TASK DETAILS: Given the records below, the lines starting at the line with "Im Mai und Juni" and ending at the line with "Invitati i sa" should be output exactly, both end lines kept and pictures left out.

PROVIDED DATA:
..........

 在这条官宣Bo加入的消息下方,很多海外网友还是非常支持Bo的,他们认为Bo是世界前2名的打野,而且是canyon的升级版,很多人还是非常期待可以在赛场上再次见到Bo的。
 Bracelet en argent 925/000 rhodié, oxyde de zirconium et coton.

..........

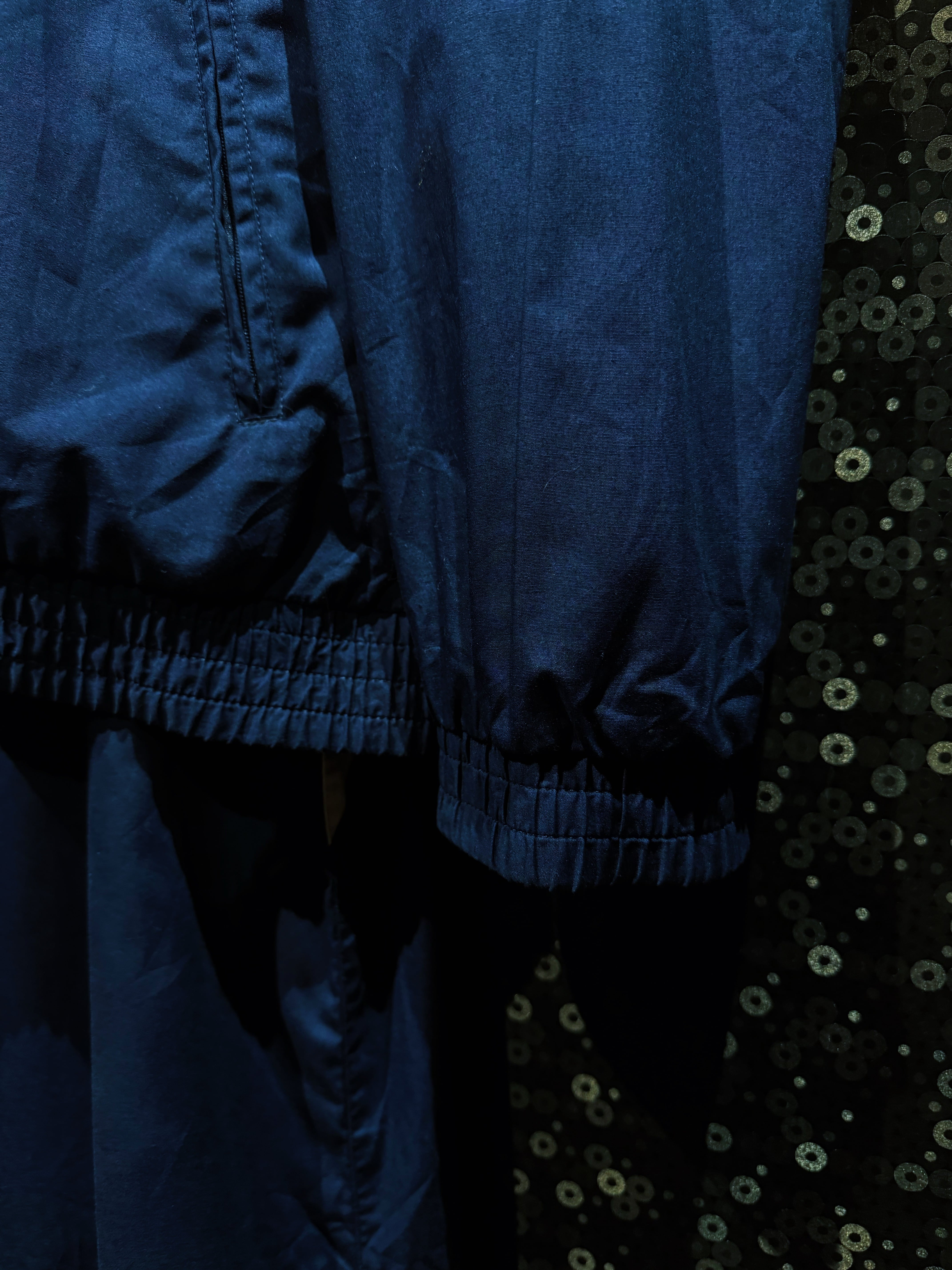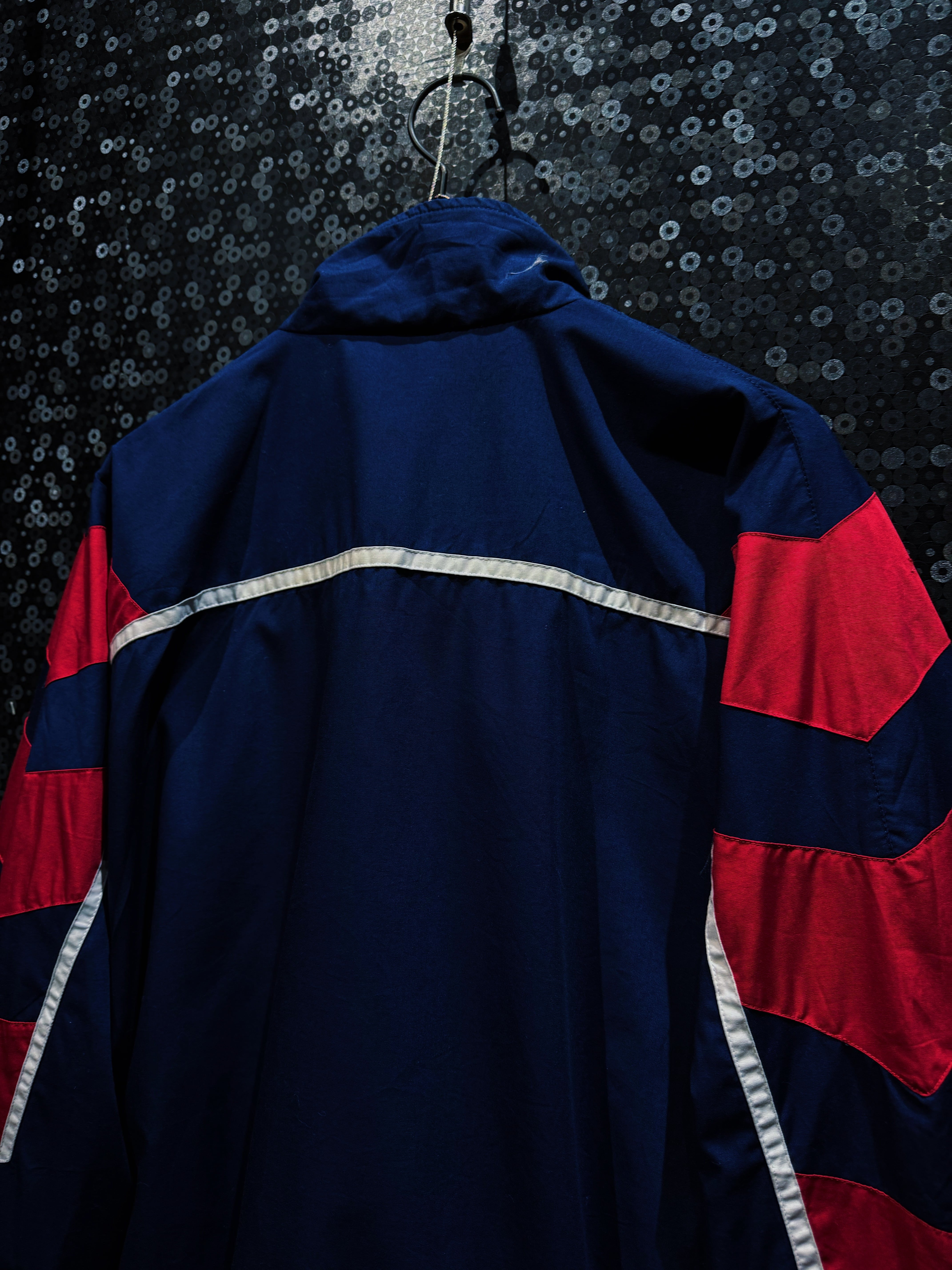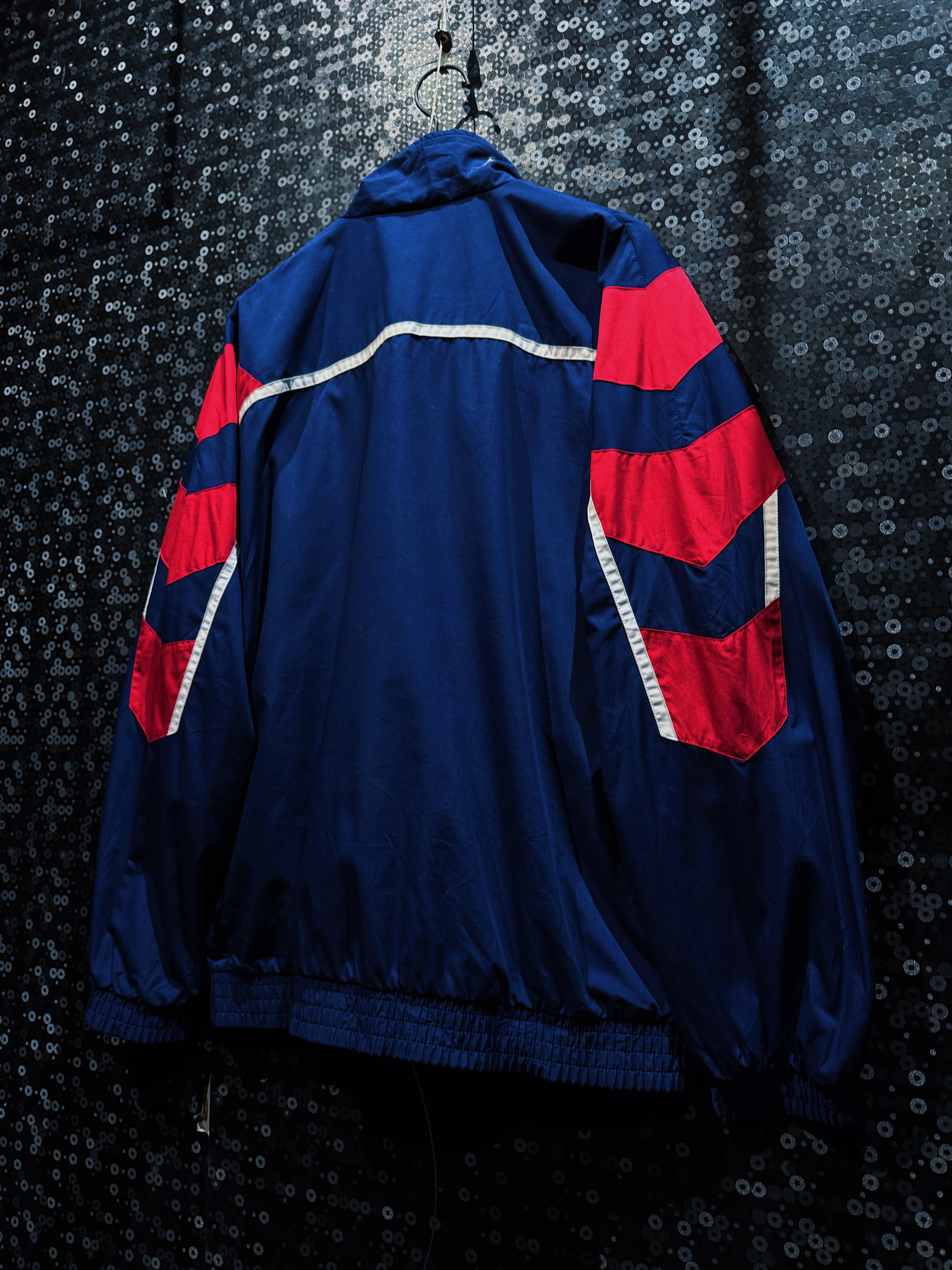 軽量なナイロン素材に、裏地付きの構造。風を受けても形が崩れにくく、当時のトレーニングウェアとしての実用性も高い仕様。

..........

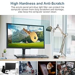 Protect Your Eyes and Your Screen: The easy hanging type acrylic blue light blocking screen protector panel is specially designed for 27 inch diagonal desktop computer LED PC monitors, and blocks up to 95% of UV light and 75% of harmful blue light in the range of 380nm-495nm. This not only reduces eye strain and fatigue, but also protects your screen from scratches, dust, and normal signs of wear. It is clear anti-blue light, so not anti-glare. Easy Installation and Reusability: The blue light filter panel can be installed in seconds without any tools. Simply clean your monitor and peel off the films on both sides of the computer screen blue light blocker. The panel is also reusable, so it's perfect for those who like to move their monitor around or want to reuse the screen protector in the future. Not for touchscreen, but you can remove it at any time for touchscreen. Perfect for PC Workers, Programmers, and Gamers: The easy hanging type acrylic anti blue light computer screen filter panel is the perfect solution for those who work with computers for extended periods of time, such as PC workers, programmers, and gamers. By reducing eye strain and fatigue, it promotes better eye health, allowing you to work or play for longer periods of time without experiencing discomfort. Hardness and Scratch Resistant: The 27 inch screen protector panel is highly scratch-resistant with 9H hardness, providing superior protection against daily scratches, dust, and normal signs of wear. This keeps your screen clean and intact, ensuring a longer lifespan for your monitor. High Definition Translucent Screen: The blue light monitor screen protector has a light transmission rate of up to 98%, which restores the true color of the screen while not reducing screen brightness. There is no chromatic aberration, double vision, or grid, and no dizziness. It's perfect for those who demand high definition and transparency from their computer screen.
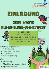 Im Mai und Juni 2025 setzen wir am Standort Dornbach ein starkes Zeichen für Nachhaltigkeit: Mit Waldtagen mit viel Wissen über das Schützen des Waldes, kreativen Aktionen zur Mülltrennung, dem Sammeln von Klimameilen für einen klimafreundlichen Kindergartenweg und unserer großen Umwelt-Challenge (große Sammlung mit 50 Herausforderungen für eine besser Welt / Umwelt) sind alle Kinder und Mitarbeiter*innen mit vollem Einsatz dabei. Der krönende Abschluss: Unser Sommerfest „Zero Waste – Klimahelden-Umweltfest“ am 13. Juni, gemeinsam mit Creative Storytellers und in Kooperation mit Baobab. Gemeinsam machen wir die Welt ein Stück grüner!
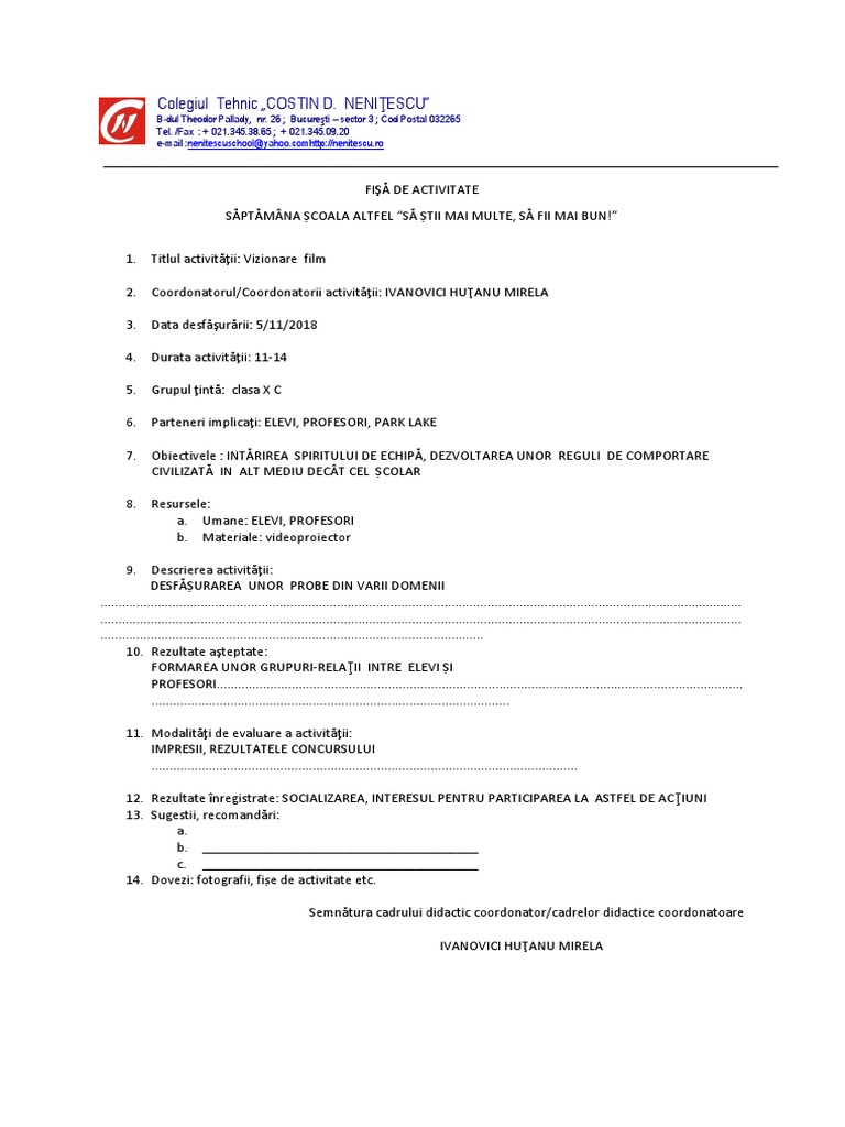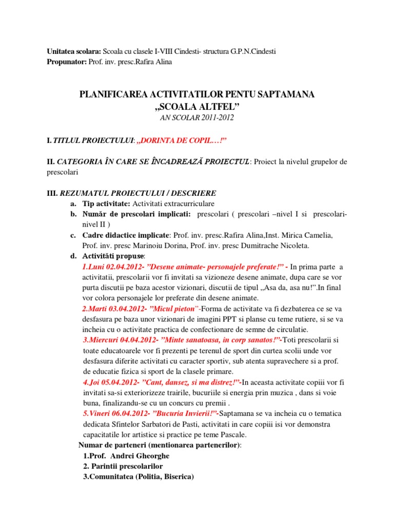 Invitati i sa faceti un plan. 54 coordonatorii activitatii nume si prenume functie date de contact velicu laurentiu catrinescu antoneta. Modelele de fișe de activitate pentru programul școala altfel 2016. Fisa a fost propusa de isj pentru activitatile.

..........

EXERCISE SOLUTION:
 Im Mai und Juni 2025 setzen wir am Standort Dornbach ein starkes Zeichen für Nachhaltigkeit: Mit Waldtagen mit viel Wissen über das Schützen des Waldes, kreativen Aktionen zur Mülltrennung, dem Sammeln von Klimameilen für einen klimafreundlichen Kindergartenweg und unserer großen Umwelt-Challenge (große Sammlung mit 50 Herausforderungen für eine besser Welt / Umwelt) sind alle Kinder und Mitarbeiter*innen mit vollem Einsatz dabei. Der krönende Abschluss: Unser Sommerfest „Zero Waste – Klimahelden-Umweltfest“ am 13. Juni, gemeinsam mit Creative Storytellers und in Kooperation mit Baobab. Gemeinsam machen wir die Welt ein Stück grüner!
 Invitati i sa faceti un plan. 54 coordonatorii activitatii nume si prenume functie date de contact velicu laurentiu catrinescu antoneta. Modelele de fișe de activitate pentru programul școala altfel 2016. Fisa a fost propusa de isj pentru activitatile.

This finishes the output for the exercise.